◆ Work order: Starting at the line that contains "Anemone × lipsiensis", write out every line through the last one in the records below, word for word. Leave out any pictures.

◆ Stored data entries:
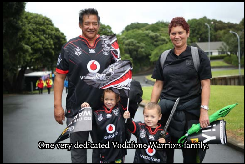
One very dedicated Vodafone Warriors family.
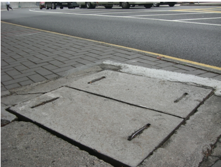
Plate 3: Block cracks were found on concrete slabs around drawpits.
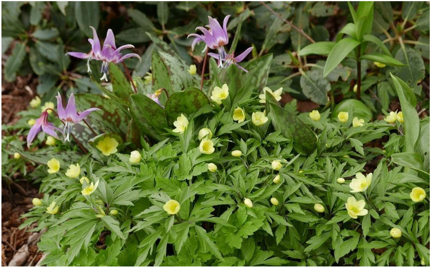
Anemone × lipsiensis with Erythronium dens-canis
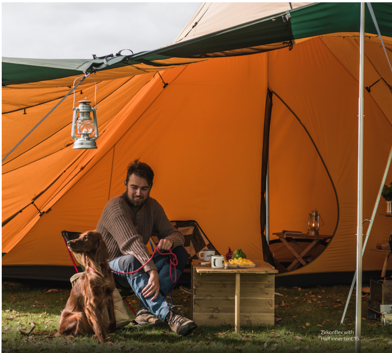
Zirkonflex with Half inner tent 15.
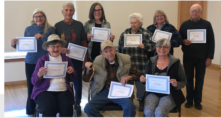
Graduates of the Fall/Winter 2019 Matter of Balance Class

highlights this year were two sessions of A Matter of Balance classes thanks to a generous grant from the Rocky Mountain Health Foundation. Close to 30 seniors benefitted from the class that taught them how to recognize fall dangers and how to minimize falls using positive thinking and proactive strategies. Our ongoing partnership with Northwest Colorado Health for weekly exercise classes continues to be very popular. A yoga class is being planned and will be offered this winter, thanks to a grant from the United Methodist Women.
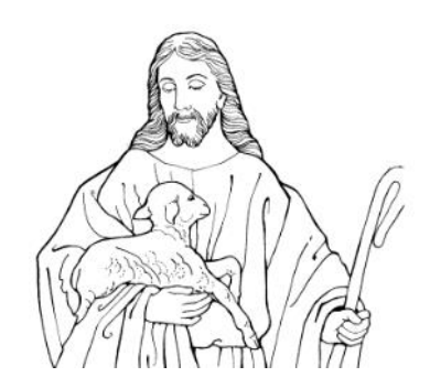
KNOWING JESUS AS THE GOOD SHEPHERD & SHARING THE RISEN CHRIST WITH ALL.
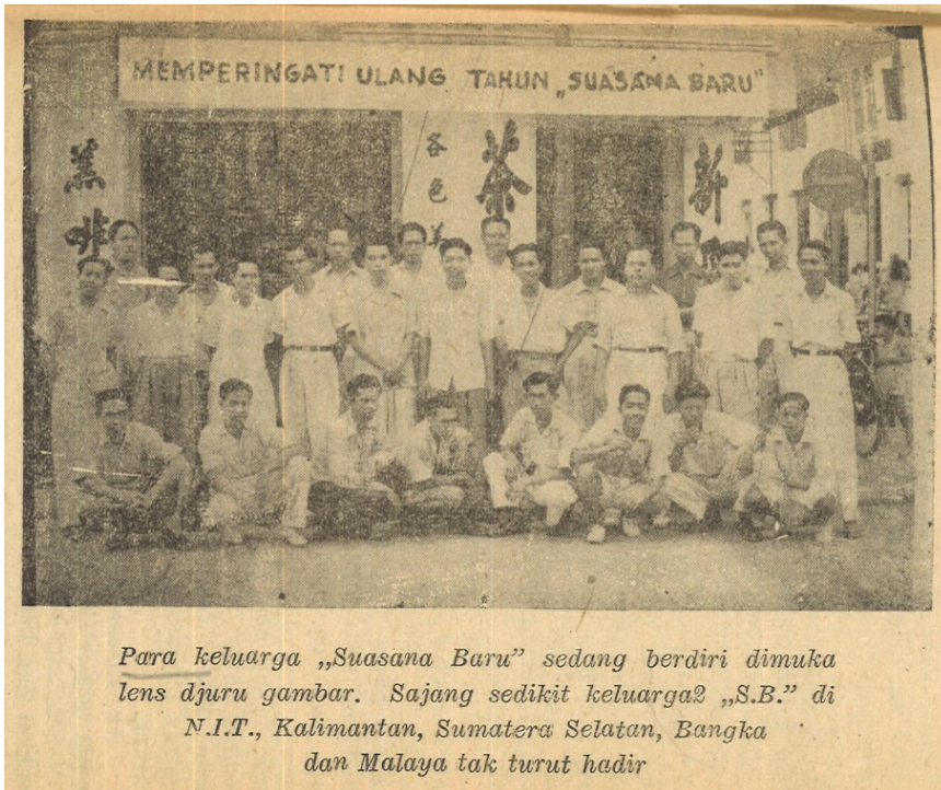
Figure 6 A gathering of the editorial team of Suasana Baru and its representatives that took place in June 1949 in Medan.

◆ Finished exercise:
Anemone × lipsiensis with Erythronium dens-canis
Zirkonflex with Half inner tent 15.
Graduates of the Fall/Winter 2019 Matter of Balance Class

highlights this year were two sessions of A Matter of Balance classes thanks to a generous grant from the Rocky Mountain Health Foundation. Close to 30 seniors benefitted from the class that taught them how to recognize fall dangers and how to minimize falls using positive thinking and proactive strategies. Our ongoing partnership with Northwest Colorado Health for weekly exercise classes continues to be very popular. A yoga class is being planned and will be offered this winter, thanks to a grant from the United Methodist Women.
KNOWING JESUS AS THE GOOD SHEPHERD & SHARING THE RISEN CHRIST WITH ALL.
Figure 6 A gathering of the editorial team of Suasana Baru and its representatives that took place in June 1949 in Medan.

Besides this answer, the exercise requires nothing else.